__EXERCISE INSTRUCTIONS__: When you transcribe the lines below, keep every word the same and leave the pictures behind.

__DATASET EXTRACT__:
+ + + + +

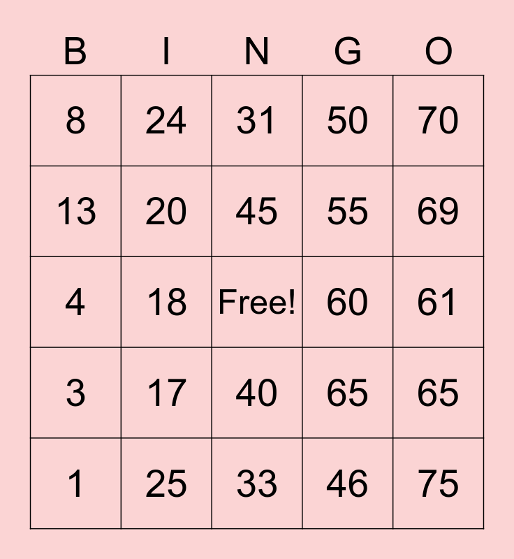 This bingo card has a free space and 24 words: 1, 17, 45, 46, 70, 8, 24, 31, 60, 61, 4, 20, 65, 65, 13, 25, 33, 50, 69, 3, 18, 40, 55 and 75.
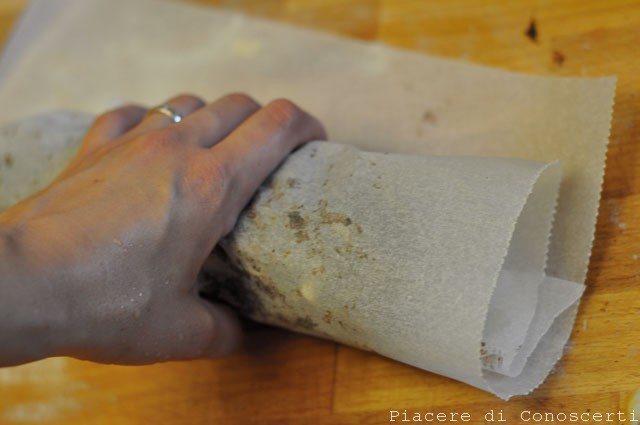 L’impasto che otteniamo deve essere messo nella carta forno e arrotolato a forma di salame,
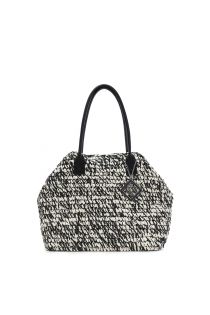 tote bag in crochet di carta bicolore nero
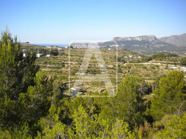 A sloping plot of 14.574 m2 with panoramic mountain views to the Sierra de Bernia and some sea views to the sea, facing South. Possible build surface of 750 m2 on three floors. Very good access to the whole plot. Electricity and water connections and also own well. For lovers of space and rural tranquility, near the coast between Benissa, Calpe and Moraira.

+ + + + +

__TASK RESPONSE__:
 This bingo card has a free space and 24 words: 1, 17, 45, 46, 70, 8, 24, 31, 60, 61, 4, 20, 65, 65, 13, 25, 33, 50, 69, 3, 18, 40, 55 and 75.
 L’impasto che otteniamo deve essere messo nella carta forno e arrotolato a forma di salame,
 tote bag in crochet di carta bicolore nero
 A sloping plot of 14.574 m2 with panoramic mountain views to the Sierra de Bernia and some sea views to the sea, facing South. Possible build surface of 750 m2 on three floors. Very good access to the whole plot. Electricity and water connections and also own well. For lovers of space and rural tranquility, near the coast between Benissa, Calpe and Moraira.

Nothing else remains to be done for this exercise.